While the tweets in question may be a small sample of the overall volume, you
just can't make those statements as an officer of a company. Period. Because:

-He used the N word. Sounds like he was referencing a movie out around then, but given our country's history, that word is just 100% off limits and rightfully so.

-In the US, we're finally coming around to the fact that gay people aren't a scourge on society. We also (especially in tech) are working to make the workplace more friendly to women than it has been in the past. We're also a very litigious country, meaning that having an officer making those kinds of statements about protected classes while being involved in hiring/firing decisions exposes the company to risks that 95+% of executives would be wise/willing enough not to expose their employer to.

You may be right that most people have tweeted something that would outrage
people, but if you want to be one of the faces of a company, part of your job
is not doing that. I tweeted plenty of dumb stuff (not racist/sexist, mind
you) while drunk in college and with a privacy-protected account.

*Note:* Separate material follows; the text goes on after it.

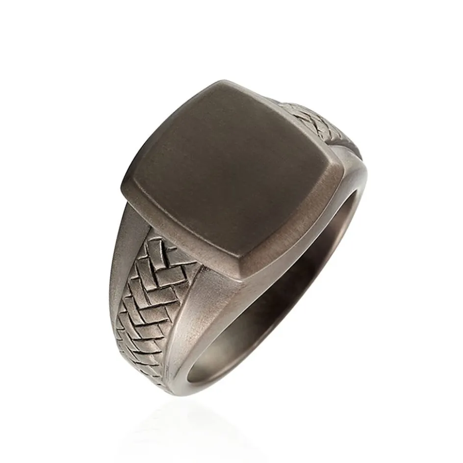 Bague Argent 925/1000 Noir Jourdan Forme Carre Plaque
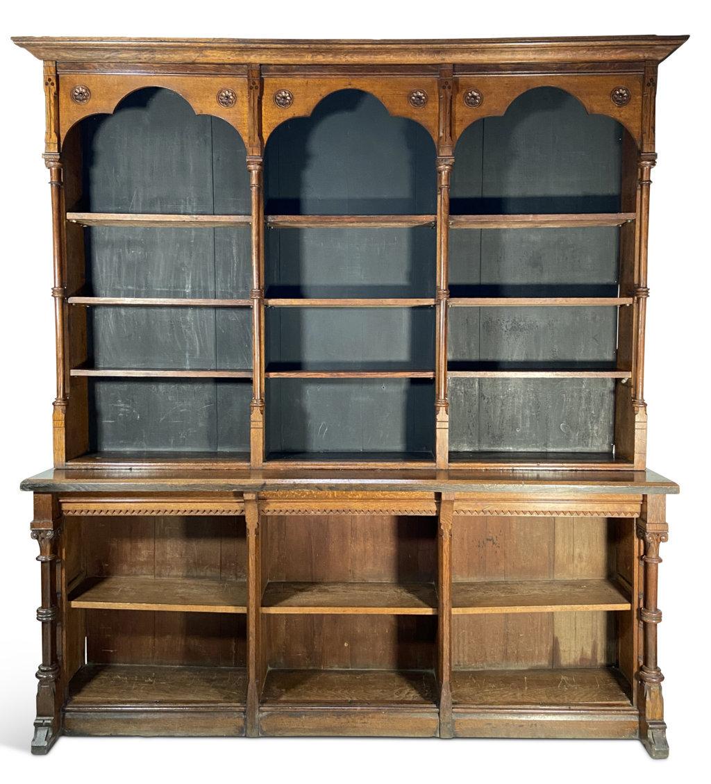 Late Victorian Gothic Revival Oak Bookcase

Given that I
aspire to hold an executive-level position, I went through and removed all of
those tweets as I was nearing graduation and made my account public, and I
avoid those types of posts now. Image matters.

------
k__
Why can't people be true to them selfs and admit, that they're sexist or
racist or something?

Everyone is in one or another way.

A big part of the problem is, that people tell them selfs they're the good
guys.

"I'm not racist, but..." blablabla

You are! Everyone is!

It's not good, but it's even worse if you do racist/sexist stuff without even
realizing it. Because then you give up control over your behaviour and let
your subconsciousnes drive your live.

------
jfarmer
This article adds nothing to the conversation and is poorly edited to boot.
The author thinks it's bad that this happened and he rants about it for 10-or-
so paragraphs. It's not worth reading, let alone having on the front page of
HN.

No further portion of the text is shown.